— EXERCISE AIM —
A precise copy of the data is required, with every picture left out.
*** DATA SEGMENT ***
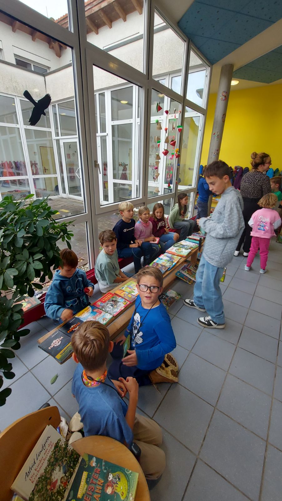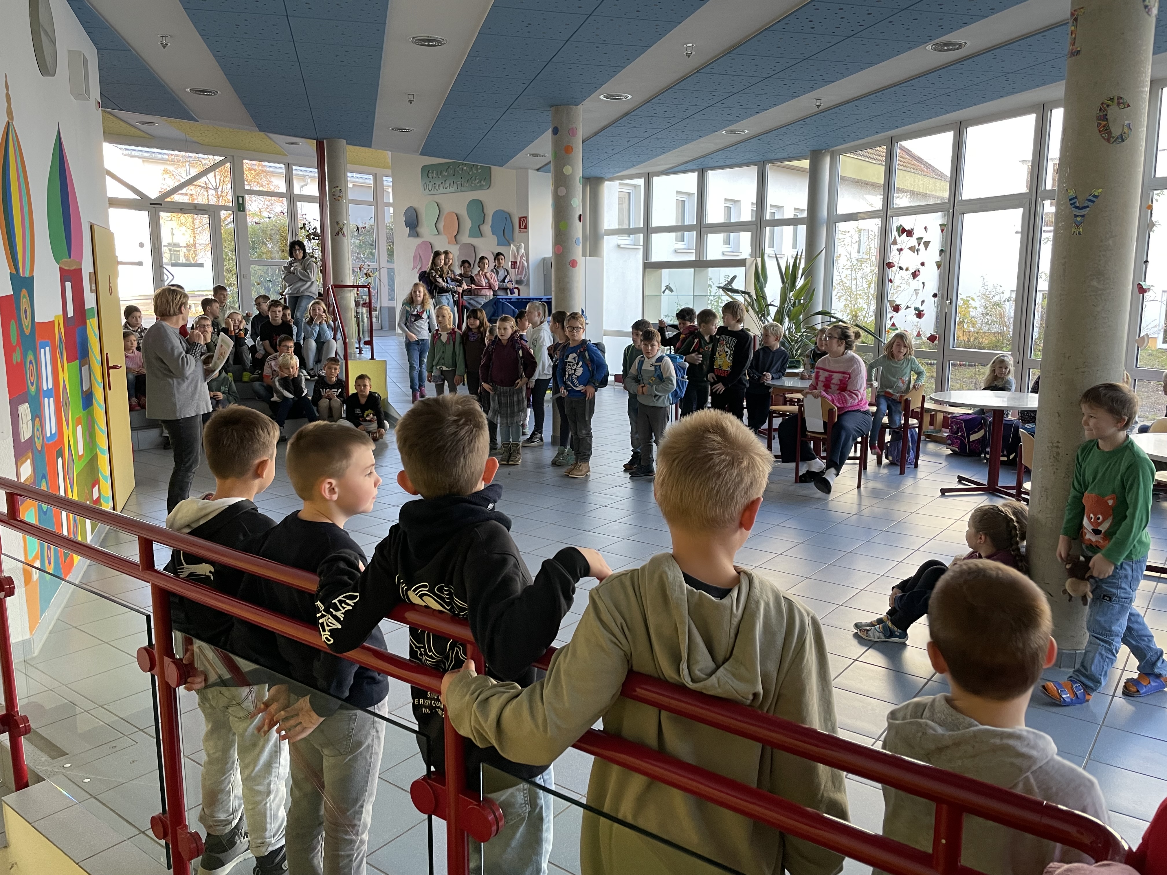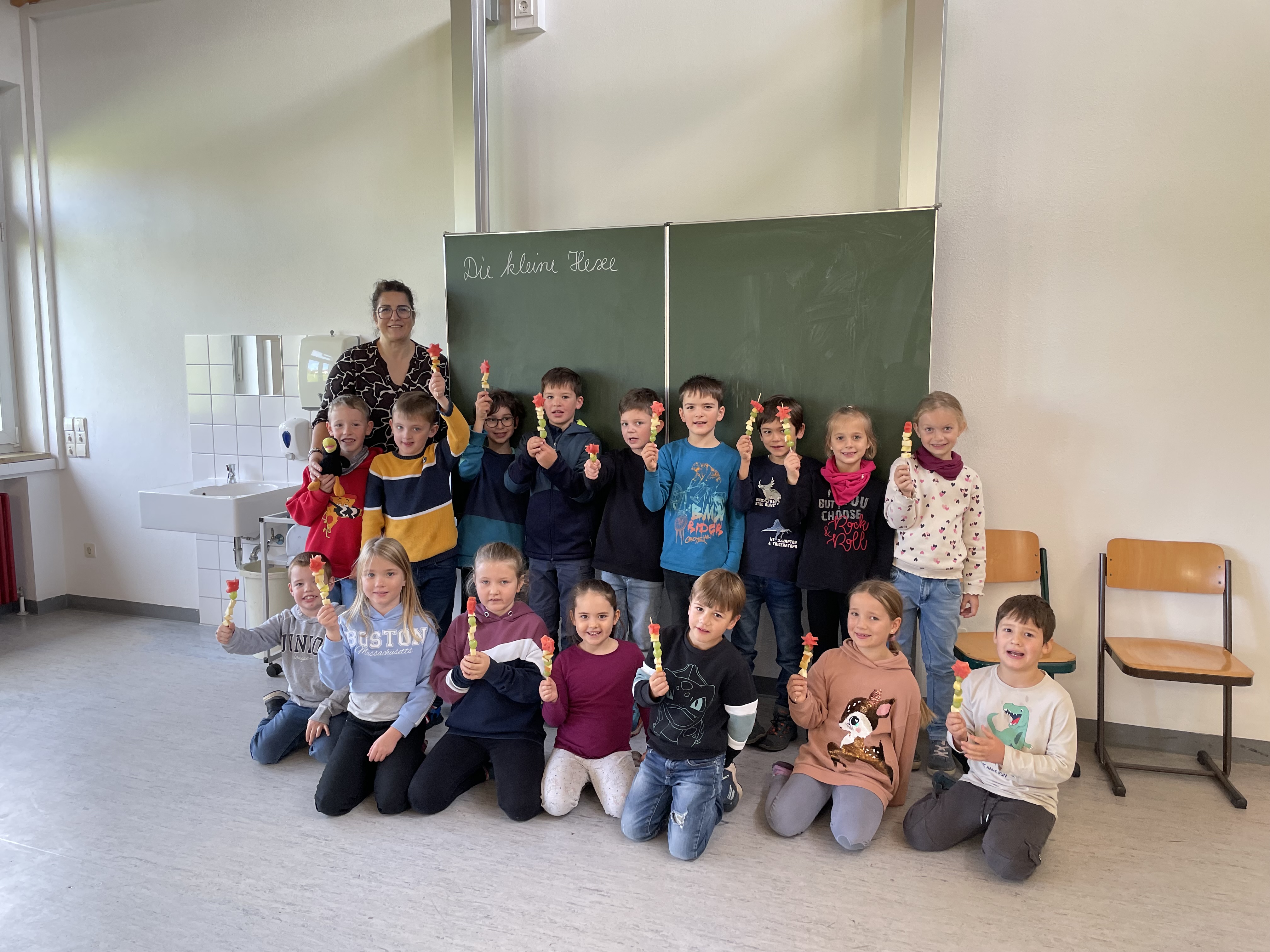Die Erst- und Zweitklässler tauchten in die fabelhafte Welt der kleinen Hexe und ihres Rabens Abraxas ein. Unterbrochen wurde das Vorlesen immer wieder durch Aktivitäten. So mussten die Kinder essbare Zauberstäbe aus Obst herstellen oder imaginäre Ware als Marktschreier verkaufen. Am Ende schafften es tatsächlich alle Kinder die Hexenprüfung zu bestehen, indem sie mit einem eigenen Zauberspruch ihre selbstgemachten Zauberblumen zum Blühen brachten.
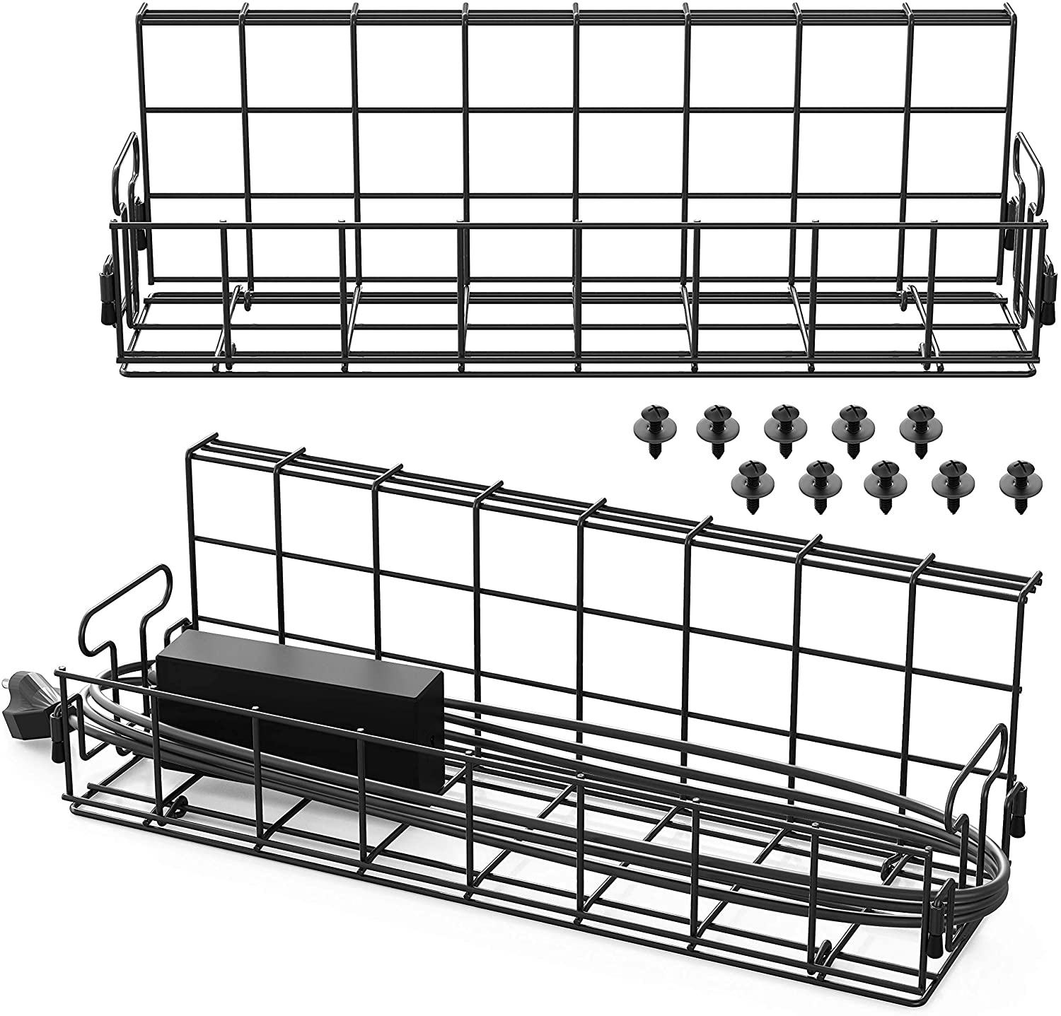 Instead of letting the power strips and everything that plugs into them create an ugly mess on the carpet, mount them under your desk and keep everything tidy and within easy reach. This two-pack of organizers screws to the underside of your desk and holds power bricks, wires, and power strips, even providing a rack to wrap wires around.
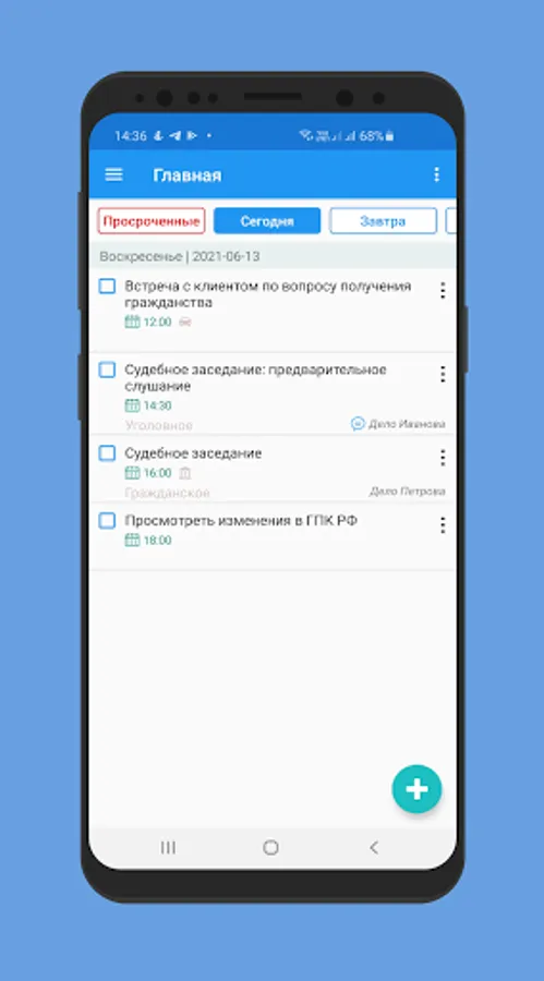 • Link your case and the case in court, thereby ensuring control over the movement of the case. When a new date or decision appears, you will receive a notification.
*** End of DATA SEGMENT ***
— RESPONSE BELOW —
Die Erst- und Zweitklässler tauchten in die fabelhafte Welt der kleinen Hexe und ihres Rabens Abraxas ein. Unterbrochen wurde das Vorlesen immer wieder durch Aktivitäten. So mussten die Kinder essbare Zauberstäbe aus Obst herstellen oder imaginäre Ware als Marktschreier verkaufen. Am Ende schafften es tatsächlich alle Kinder die Hexenprüfung zu bestehen, indem sie mit einem eigenen Zauberspruch ihre selbstgemachten Zauberblumen zum Blühen brachten.
 Instead of letting the power strips and everything that plugs into them create an ugly mess on the carpet, mount them under your desk and keep everything tidy and within easy reach. This two-pack of organizers screws to the underside of your desk and holds power bricks, wires, and power strips, even providing a rack to wrap wires around.
 • Link your case and the case in court, thereby ensuring control over the movement of the case. When a new date or decision appears, you will receive a notification.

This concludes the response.